Conseqüentemente, a Kodak asfalta uma estrada de dois sentidos: de um lado, a própria companhia, que se apóia na rede de canais para suportar a estratégia digital; de outro, as lojas, que passam a dispor de recursos avançados de comércio eletrônico para incrementar as vendas. “A iniciativa disponibiliza treinamento e marketing para consolidar a presença dos canais no mercado eletrônico”, avisa Julie, acrescentando que as imagens provenientes de uploads ou CDs correspondem, em médias a 2% do total de imagens manipuladas pelas lojas que dispõem de recursos digitais. “Enquanto a transação fica com o lojista, a Kodak ganha com as vendas adicionais provenientes da iniciativa digital”.

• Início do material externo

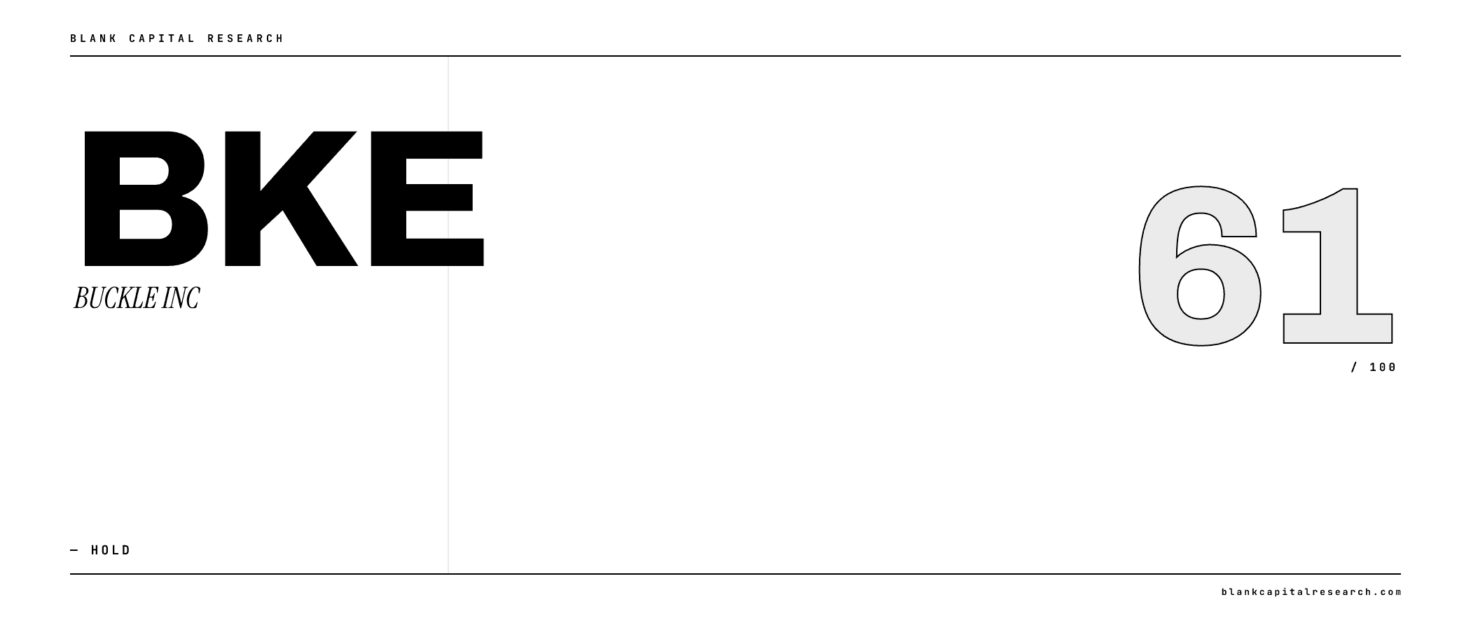 In summary, BUCKLE INC receives a Hold rating with a composite score of 62.7/100 (rank #448 of 7,333). Our quantitative framework assigns a Narrow Moat (49/100, trend: stable), Medium uncertainty, and Standard capital allocation. The average factor score across quality, value, momentum, stability, and investment is 65/100.
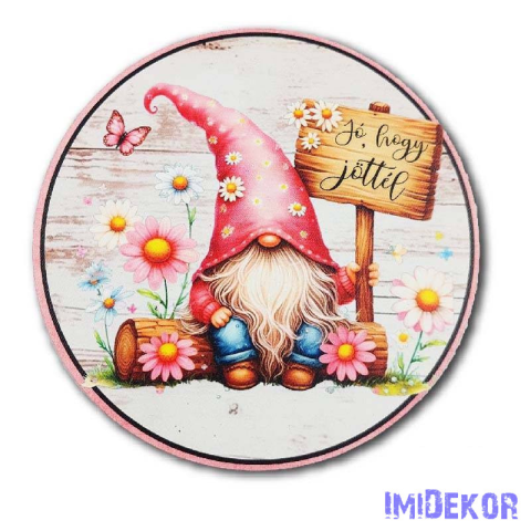 Rózsaszín manó - Jó, hogy jöttél kör 13cm dekorációs kellék 1 kép
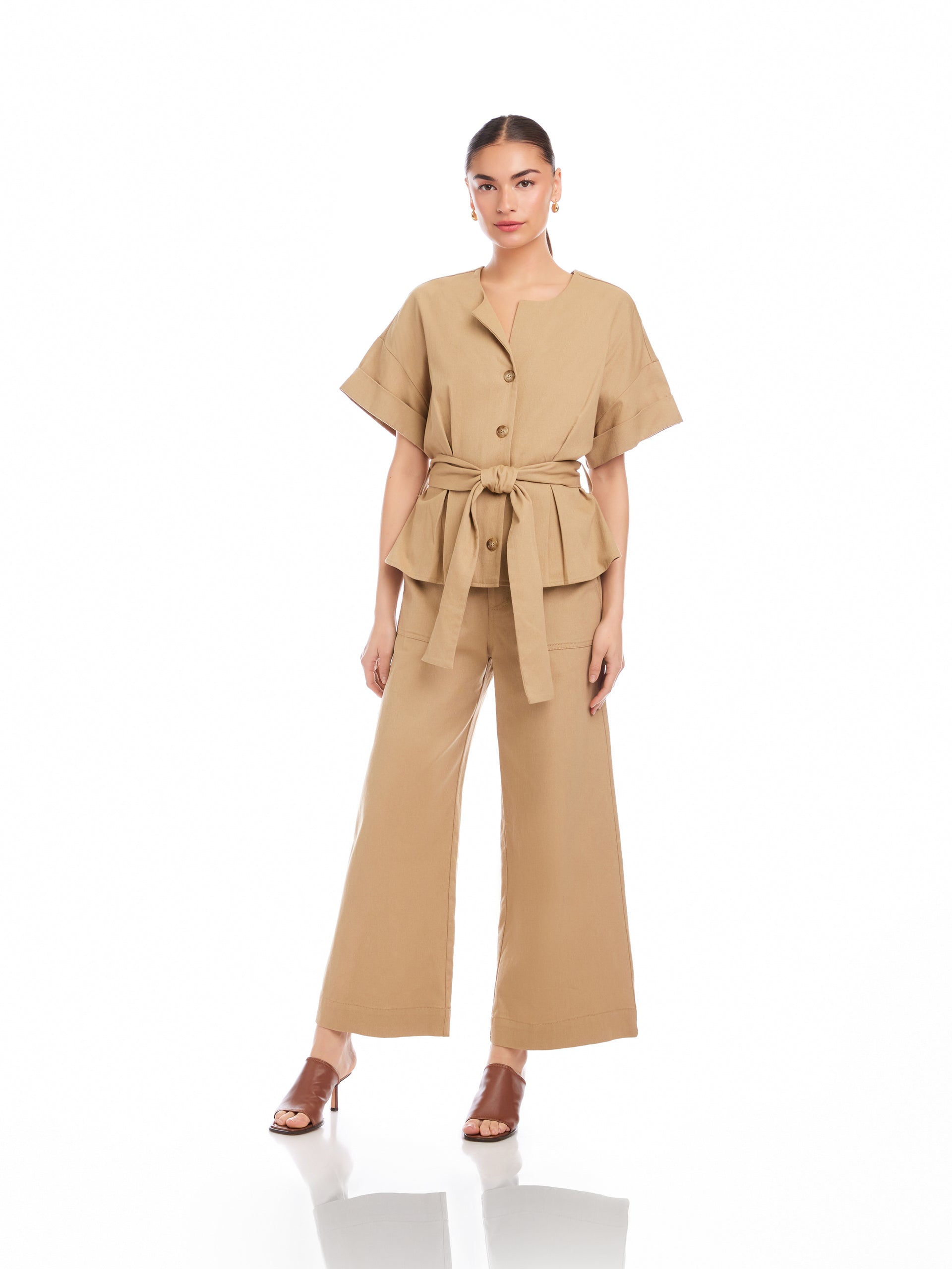 An elastic back waist with subtle gathering offers comfort and flexibility, while the adjustable belt allows you to customize the fit. The relaxed silhouette keeps it easy, polished, and versatile for everyday wear.

Ao lado da comunicação e marketing, a especificidade do modelo de negócio aplicado no país também representou um desafio para a área de tecnologia da Kodak, que desde 2001, conta com a parceria da Scopus no desenvolvimento da plataforma de comércio eletrônico, totalmente Web. “Um dos aspectos importantes do software é a integração entre os gerentes das lojas e de estoque da Kodak”, explica Renato Morotti, gerente de operações online da companhia. “Quando um pedido é feito, o software permite que os gerentes verifiquem o nível de estoque na loja para avaliar a necessidade de envio de produtos provenientes do estoque exclusivo do Kodak Online, localizado em São José dos Campos”, avisa. E para garantir a maior disponilidade possível, os servidores de hospedagem estão todos nas mãos da IBM.
Em termos de ambiente de TI, as lojas da Kodak necessitam apenas de uma conexão banda larga e um browser para fazer parte da iniciativa. Contudo, para realizar o serviços de digitalização e impressão de imagens digitais, é necessário um minilab digital, avaliado em US$ 150 mil e presente em 150 lojas espalhadas pelo país. “Por enquanto, cinco lojas da cidade de São Paulo estão na fase piloto do projeto. Em agosto, está programado o roll out para todo o país”, adianta Julie.